§ EXERCISE DESCRIPTION:
Without the pictures, copy all the entries below exactly.

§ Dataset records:
________

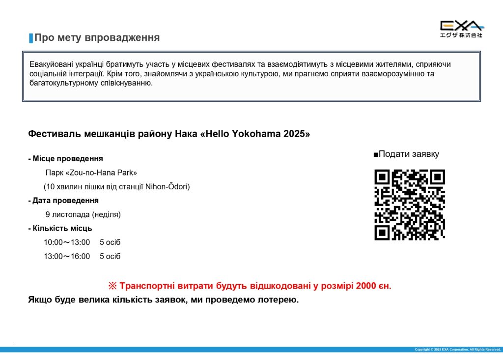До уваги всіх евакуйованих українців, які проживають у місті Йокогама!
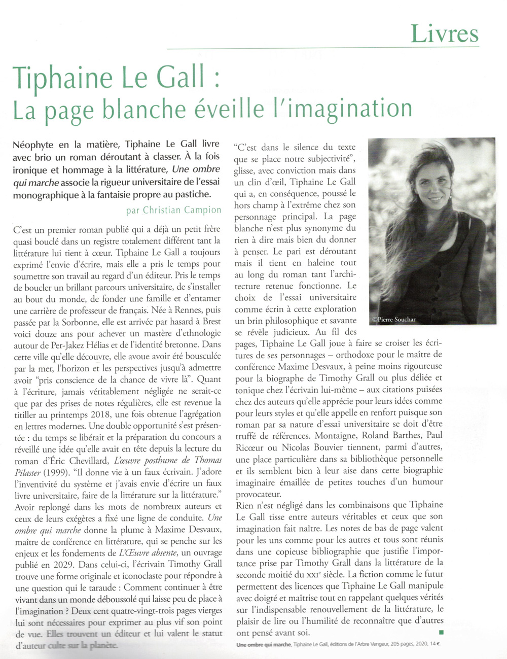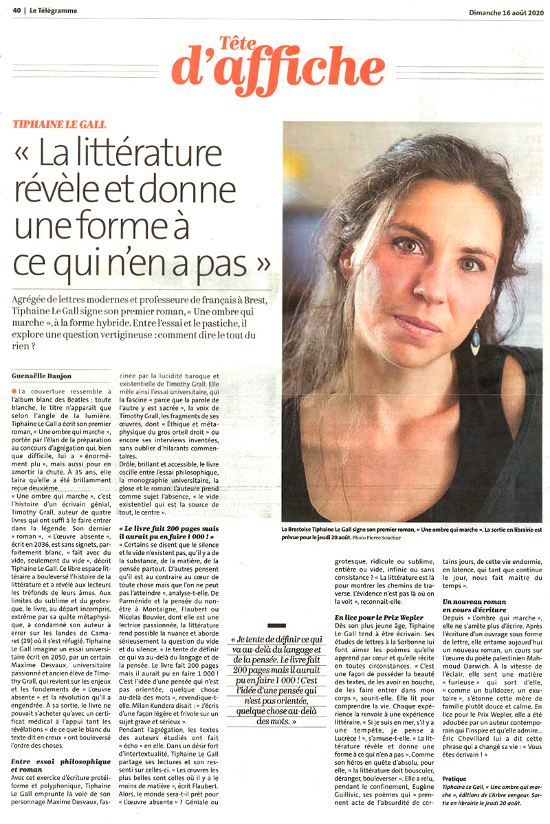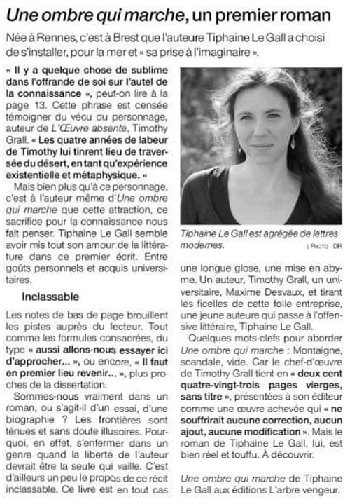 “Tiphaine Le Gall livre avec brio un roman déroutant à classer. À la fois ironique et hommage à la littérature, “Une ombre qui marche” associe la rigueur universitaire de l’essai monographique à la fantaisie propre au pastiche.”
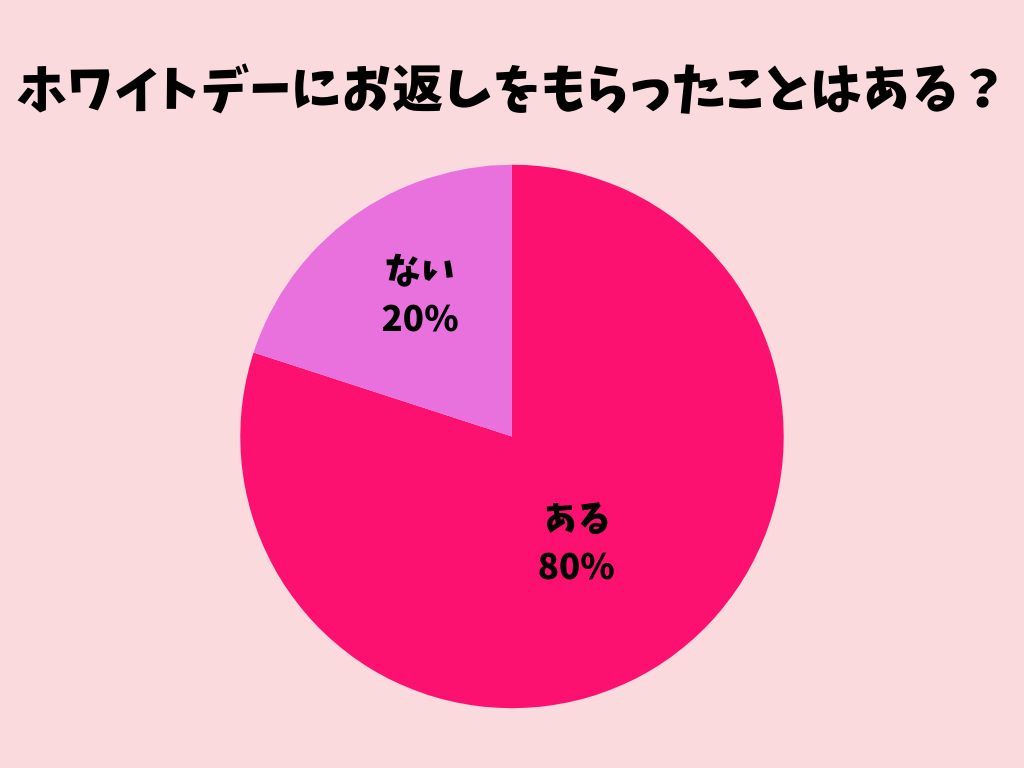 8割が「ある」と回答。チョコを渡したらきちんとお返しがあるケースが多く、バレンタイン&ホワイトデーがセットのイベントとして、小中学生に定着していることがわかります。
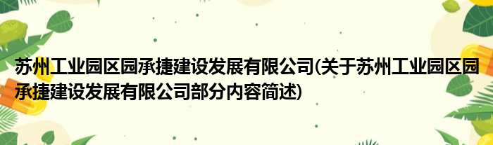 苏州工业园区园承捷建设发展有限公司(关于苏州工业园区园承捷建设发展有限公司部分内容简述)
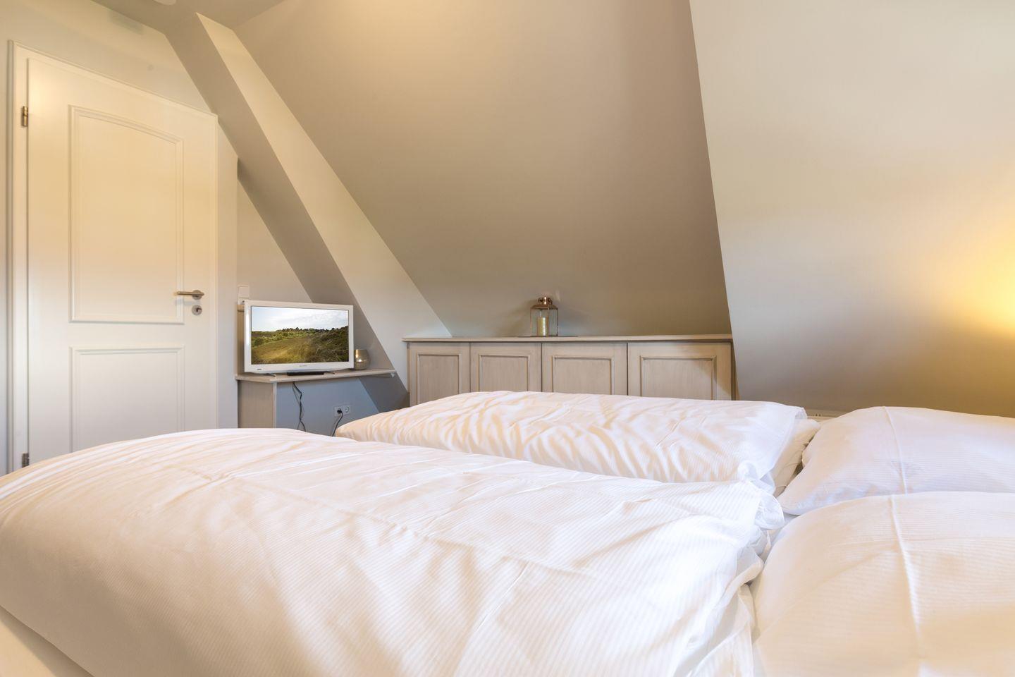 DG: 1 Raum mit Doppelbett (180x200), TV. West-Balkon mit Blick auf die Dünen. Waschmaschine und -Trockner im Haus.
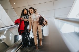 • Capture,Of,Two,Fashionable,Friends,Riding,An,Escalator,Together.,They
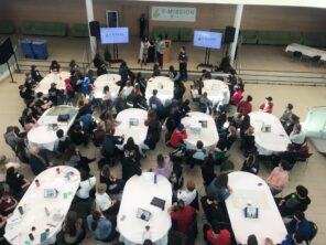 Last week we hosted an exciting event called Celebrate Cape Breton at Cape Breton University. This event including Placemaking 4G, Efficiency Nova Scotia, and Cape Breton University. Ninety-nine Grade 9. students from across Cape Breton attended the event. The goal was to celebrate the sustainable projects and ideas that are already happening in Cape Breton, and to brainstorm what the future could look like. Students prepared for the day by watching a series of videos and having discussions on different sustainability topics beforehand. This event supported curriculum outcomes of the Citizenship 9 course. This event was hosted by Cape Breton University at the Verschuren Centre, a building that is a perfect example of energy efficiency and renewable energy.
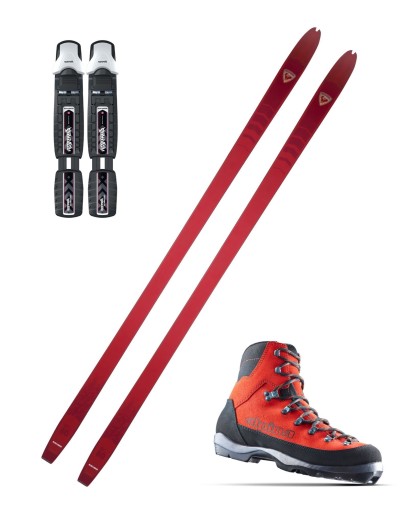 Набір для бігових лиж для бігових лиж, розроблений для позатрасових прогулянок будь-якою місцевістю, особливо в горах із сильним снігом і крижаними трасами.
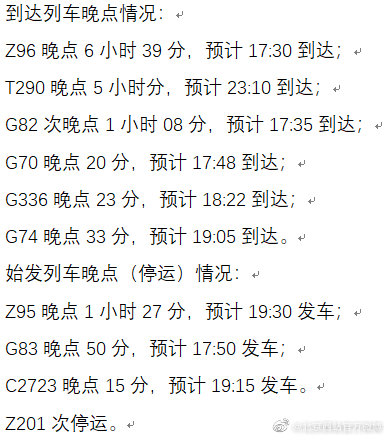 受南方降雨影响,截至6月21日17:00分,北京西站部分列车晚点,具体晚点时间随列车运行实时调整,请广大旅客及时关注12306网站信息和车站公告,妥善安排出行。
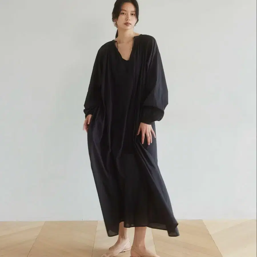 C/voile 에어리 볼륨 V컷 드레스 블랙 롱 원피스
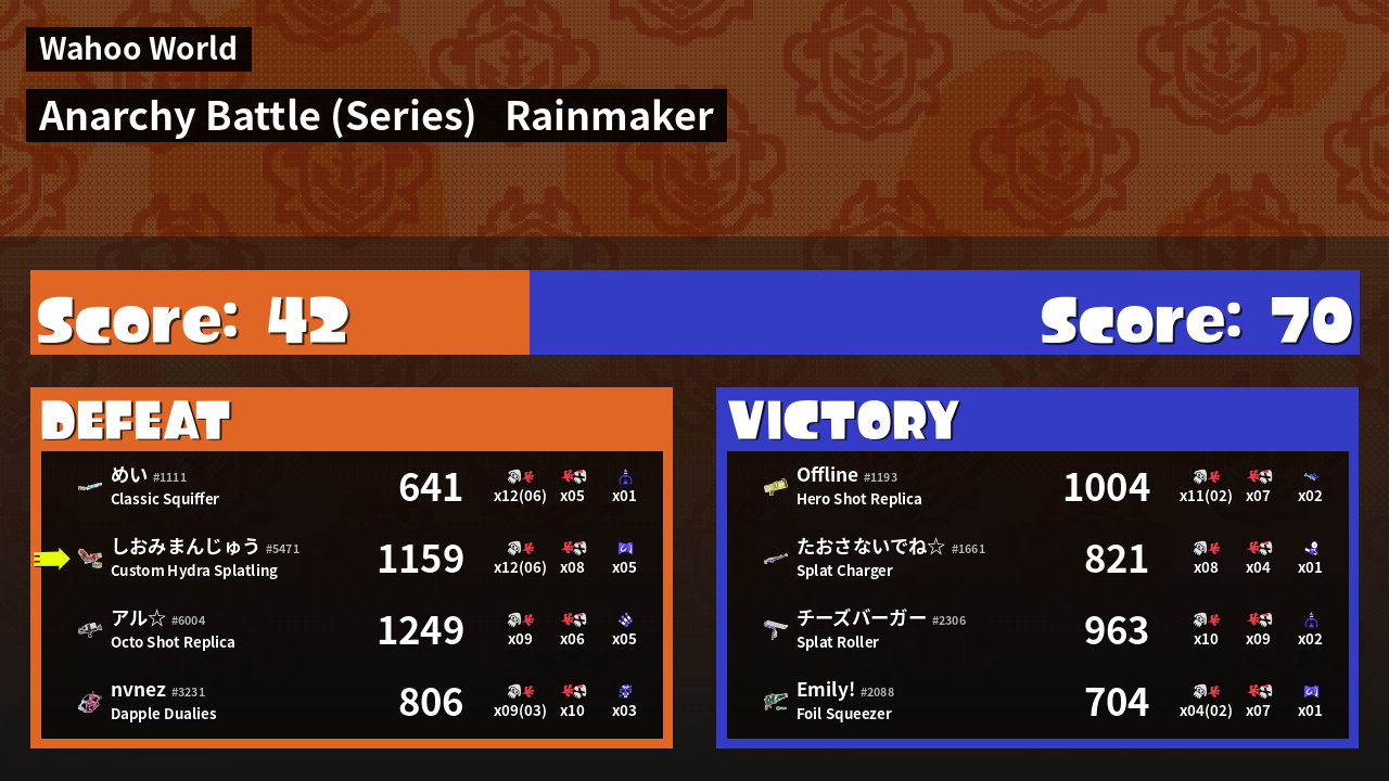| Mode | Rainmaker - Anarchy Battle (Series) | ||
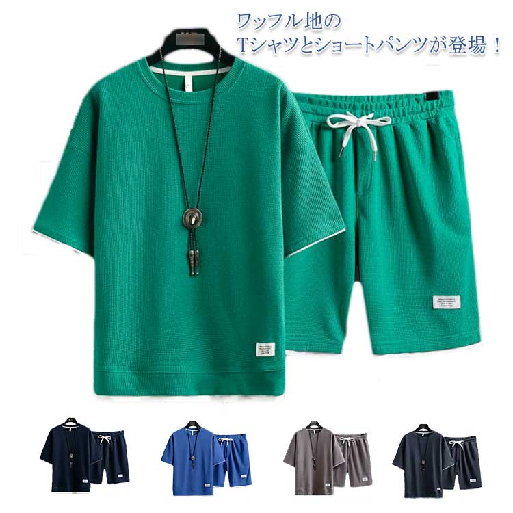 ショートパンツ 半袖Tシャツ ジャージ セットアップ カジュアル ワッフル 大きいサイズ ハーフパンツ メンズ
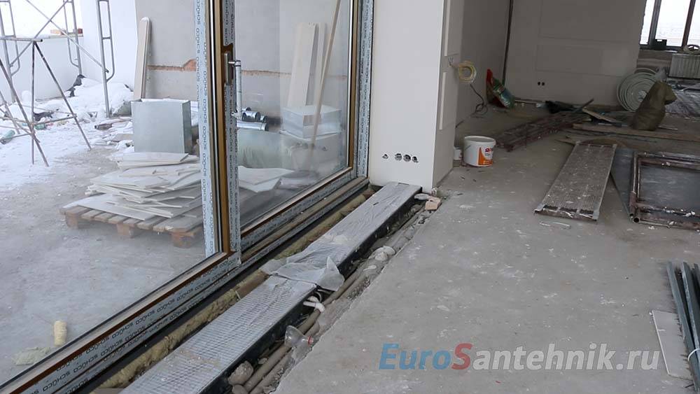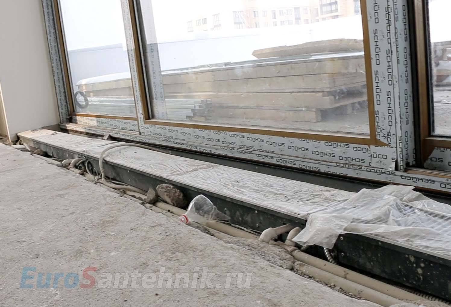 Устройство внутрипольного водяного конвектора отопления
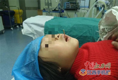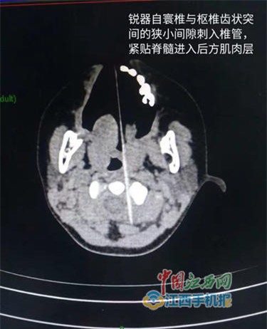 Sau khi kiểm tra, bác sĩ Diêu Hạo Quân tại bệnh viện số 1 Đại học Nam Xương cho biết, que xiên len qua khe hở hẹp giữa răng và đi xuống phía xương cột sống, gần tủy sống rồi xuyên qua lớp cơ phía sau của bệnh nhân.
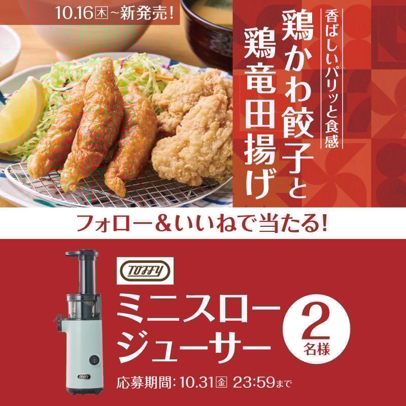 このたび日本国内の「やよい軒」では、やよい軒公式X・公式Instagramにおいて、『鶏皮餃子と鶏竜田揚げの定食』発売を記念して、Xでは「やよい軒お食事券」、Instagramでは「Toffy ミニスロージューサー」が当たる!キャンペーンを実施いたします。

________

§ ANSWER:
До уваги всіх евакуйованих українців, які проживають у місті Йокогама!
 “Tiphaine Le Gall livre avec brio un roman déroutant à classer. À la fois ironique et hommage à la littérature, “Une ombre qui marche” associe la rigueur universitaire de l’essai monographique à la fantaisie propre au pastiche.”
 8割が「ある」と回答。チョコを渡したらきちんとお返しがあるケースが多く、バレンタイン&ホワイトデーがセットのイベントとして、小中学生に定着していることがわかります。
 苏州工业园区园承捷建设发展有限公司(关于苏州工业园区园承捷建设发展有限公司部分内容简述)
 DG: 1 Raum mit Doppelbett (180x200), TV. West-Balkon mit Blick auf die Dünen. Waschmaschine und -Trockner im Haus.
 • Capture,Of,Two,Fashionable,Friends,Riding,An,Escalator,Together.,They
 Last week we hosted an exciting event called Celebrate Cape Breton at Cape Breton University. This event including Placemaking 4G, Efficiency Nova Scotia, and Cape Breton University. Ninety-nine Grade 9. students from across Cape Breton attended the event. The goal was to celebrate the sustainable projects and ideas that are already happening in Cape Breton, and to brainstorm what the future could look like. Students prepared for the day by watching a series of videos and having discussions on different sustainability topics beforehand. This event supported curriculum outcomes of the Citizenship 9 course. This event was hosted by Cape Breton University at the Verschuren Centre, a building that is a perfect example of energy efficiency and renewable energy.
 Набір для бігових лиж для бігових лиж, розроблений для позатрасових прогулянок будь-якою місцевістю, особливо в горах із сильним снігом і крижаними трасами.
 受南方降雨影响,截至6月21日17:00分,北京西站部分列车晚点,具体晚点时间随列车运行实时调整,请广大旅客及时关注12306网站信息和车站公告,妥善安排出行。
 C/voile 에어리 볼륨 V컷 드레스 블랙 롱 원피스
| Mode | Rainmaker - Anarchy Battle (Series) | ||
 ショートパンツ 半袖Tシャツ ジャージ セットアップ カジュアル ワッフル 大きいサイズ ハーフパンツ メンズ
 Устройство внутрипольного водяного конвектора отопления
 Sau khi kiểm tra, bác sĩ Diêu Hạo Quân tại bệnh viện số 1 Đại học Nam Xương cho biết, que xiên len qua khe hở hẹp giữa răng và đi xuống phía xương cột sống, gần tủy sống rồi xuyên qua lớp cơ phía sau của bệnh nhân.
 このたび日本国内の「やよい軒」では、やよい軒公式X・公式Instagramにおいて、『鶏皮餃子と鶏竜田揚げの定食』発売を記念して、Xでは「やよい軒お食事券」、Instagramでは「Toffy ミニスロージューサー」が当たる!キャンペーンを実施いたします。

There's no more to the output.